The edges of the graph in green represent isomorphisms, or anatomical identity: one-to-one, onto, and structure-preserving. For example, the anatomical abstraction Lobular organ in the mouse is isomorphic to the Lobular organ in the human. The edges of the graph in blue represent non-isomorphic matches. For example, there is a 5:1 mapping between the five different mouse prostate organs and the single human prostate. The edges in red represent null mappings. For example, there is no corresponding Set of human prostates to map to the Set of mouse prostates, so that constitutes a null mapping. A single mapping can answer a query such as “What is the structure in the human that corresponds to the liver in the mouse?”.
A unidirectional comparison consists of a hierarchy of Mappings. A root for the mapping, and the depth to which the comparison is to be pursued, are chosen, and all the mappings for structures in the hierarchy beginning at the root and proceeding to the chosen depth, make up the unidirectional comparison. A unidirectional comparison can thus answer a query such as “What are the structures in the mouse mammary gland that are missing in the human mammary gland?”. A cross-species, or bidirectional, comparison consists of two complementary unidirectional comparisons.
To implement this functionality, the underlying Mapping data structure contains pointers in both directions between species: i.e., the human can be either the source or the target species, as can the mouse. Both directions are necessary for a complete answer to queries on similarities and differences between species, as, from the user's point of view, the answer returned to the query “what is the difference between the human and mouse prostates?” should be the same as the answer returned to the query “what is the difference between the mouse and human prostates?”. This data structure provides that consistency of response, yet at the same time allows a more refined query to return a more granular answer, depending on the level of detail the user wishes to specify. Although the usual query will be bidirectional, there will be users who want information in one direction only. For example, a user may want to know which prostatic lobe in the human is homologous to the murine dorsal prostate. This structure will be able to accommodate those queries as well.

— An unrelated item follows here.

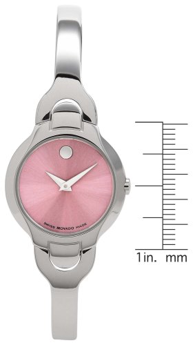 The Kara Women's Watch by Movado successfully pairs superior Swiss timepiece functionality with a flawless, feminine design. Constructed with a stainless steel case, the elegant timepiece includes a stationary stainless steel bezel and a stainless steel bracelet with a secure jewelry clasp. A durable sapphire window shields the delicate pink dial face, which features a silver-tone hour index at 12 o'clock and matching silver-tone watch hands. This beautiful Swiss-quartz-powered timepiece is water resistant to 100 feet and is backed by a two-year limited manufacturer's warranty.

The FMA is implemented in Protégé-20007. Following the suggestion of Bernstein and Pottinger8 that mappings should be first-class objects, we have implemented mappings as Protégé classes. Mappings are implemented in Protégé in the following manner: the Protégé template slots for Mapping are the two Species being compared (as in Figure 3Figure 3), and the two corresponding Anatomical structures. Species names are required to always be single; Anatomical structures can be 1 or more in a particular Species. Cardinality specifies whether the correspondence is 1:null, null:1, 1:1, 1:many, many:1, many:many, many:null, or null:many.
Figure 3
Figure 3
Figure 3
Mapping templates. The Edge mapping template has the same slots as the Node mapping template, plus the additional Relationship slot.
The slots for Node mapping are inherited verbatim from the Mapping class; Edge mappings have the additional slot Relationship to describe which relationship is being compared across Species for the given Anatomical structures. These examples demonstrate the definitions for the different kinds of Mappings. A Cross-species comparison is made up of all the Mappings of the Anatomical structure at the level under comparison.
We propose to use these structures to return answers to anatomical queries about similarities and differences between these structures—the Mapping contains the information about similarity and differences of particular discrete structures, and the Cross-species comparison provides the context (hierarchy) for those structures in relation to other anatomical structures.
For the purpose of defining this comparative anatomy information system, it is useful to draw a distinction between different kinds of queries, based on how many models the system handles at a time. These classifications will specify what types of queries our system handles, and what is outside its scope. We define the classification of a query as follows:
Single-species queries hold for species models taken one at a time. For example, in the human, the Heart is inside the Thoracic cavity, so the query "what is the relationship between Heart and Thoracic cavity [implied: in the human]?'' is a single-species query. Note that a single-species query can be simple or compound; the classification of the query refers to the number of species models participating in the query, NOT to the complexity of the query. Single-species queries currently can be the basis of queries in the FMA using the Emily graphical user interface9, and involve existence, location, connectivity, and similar features of anatomical structures.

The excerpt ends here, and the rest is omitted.